The first is Spanish director Pedro Almodovar's "Broken Embraces," her fourth collaboration with the filmmaker who helped make her a star, and the second is musical "Nine" from director Rob Marshall, which challenged her voice and her previously little-known dancing skills.
Both films hope to win over Oscar voters during Hollywood's awards season, and after her own Academy Award-winning turn in Woody Allen comedy "Vicky Cristina Barcelona" last year, Penelope Cruz is again earning some early Oscar buzz -- doubled.
"I feel like I have learned a lot. The movies could not be more different," Penelope Cruz told reporters recently.
"To be able to sing for the first time professionally and dance (in 'Nine'), it was a scary experience. 'Broken Embraces' is like three women in one.
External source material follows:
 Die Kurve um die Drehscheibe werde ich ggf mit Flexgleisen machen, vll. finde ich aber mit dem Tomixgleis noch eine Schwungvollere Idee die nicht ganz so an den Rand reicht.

I feel like the luckiest girl in the world."
"Broken Embraces" opens on Friday after turns at the Cannes and Toronto film festivals where it earned good marks from critics. Review website rottentomatoes.com gives it an 82 percent positive rating.
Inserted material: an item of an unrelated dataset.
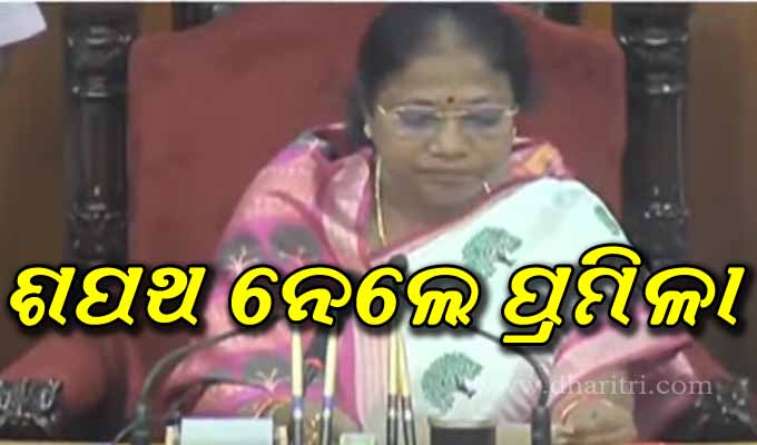 ଭୁବନେଶ୍ୱର,୨୨ା୯: ପ୍ରଥମ ମହିଳା ବାଚସ୍ପତି ଭାବେ ବରିଷ୍ଠ ବିଧାୟିକା ପ୍ରମିଳା ମଲ୍ଲିକ ଶୁକ୍ରବାର ନିର୍ଦ୍ୱନ୍ଦ୍ୱରେ ନିର୍ବାଚିତ ହୋଇଛନ୍ତି। ଅନ୍ୟ କେହି ନାମାଙ୍କନପତ୍ର ଭରି ନ ଥିବାରୁ ପ୍ରମିଳା ନିର୍ଦ୍ୱନ୍ଦ୍ୱରେ ନିର୍ବାଚିତ ହୋଇଛନ୍ତି। ଏନେଇ ଗୃହରେ ଉପବାଚସ୍ପତି ବିଧିବଦ୍ଧ ଭାବେ ଘୋଷଣା କରିଛନ୍ତି। ବାଚସ୍ପତି ଭାବେ ପ୍ରମିଳା ଦାୟିତ୍ୱ ଗ୍ରହଣ କରିବା ପରେ ମୁଖ୍ୟମନ୍ତ୍ରୀ ନବୀନ ପଟ୍ଟନାୟକ, ବିରୋଧୀ ତଥା ଭାଜପା ପକ୍ଷରୁ ମୁଖ୍ୟ ସଚେତକ ମୋହନ ମାଝି ଓ କଂଗ୍ରେସ ବିଧାୟକ ଦଳ ନେତା ନରସିଂହ ମିଶ୍ର ଶୁଭେଚ୍ଛା ଜଣାଇଛନ୍ତି।

Penelope Cruz calls both movies homages to cinema -- "Nine" to the work of the Italian director Federico Fellini, and "Broken Embraces" to the tradition of film noir.
After playing a prostitute, a nun who falls in love with a transvestite, and a woman whose husband is buried in the fridge in previous Almodovar movies, Cruz tackles the part of a poor assistant to a powerful tycoon in "Broken Embraces."
But as lowly as her character starts out, she goes on to become the rich man's partner and then plays a figure counter to herself in a movie within the movie. While it sounds somewhat complicated, it is vintage Almodovar.
"Every time Pedro has given me a script, I have really been blown away. The characters (I have played) couldn't be more different from each other, and from who I am," she said.
MULTI-TALENTED, PERSONALLY TIGHT-LIPPED
In "Nine," from Oscar-winning "Chicago" director Marshall, Cruz shows audiences another new facet of her many talents.
The Fellini-inspired movie, in which she teams with Nicole Kidman, Judi Dench, Daniel Day Lewis, Sophia Loren and Marion Cotillard, does not open in the United States until December 25, but already a brief clip of Cruz in a bustier performing a sultry song and dance is making waves among movie fans.
Penelope Cruz, 35, had early ambitions to be a dancer, taking ballet classes in her native Madrid from 5 to 15-years-old, but dramatic acting took its course and stardom ensued.
So, she went back to training five hours-a-day for her role as the mistress of a middle-aged moviemaker in "Nine," after being shown the routine she would be asked to perform.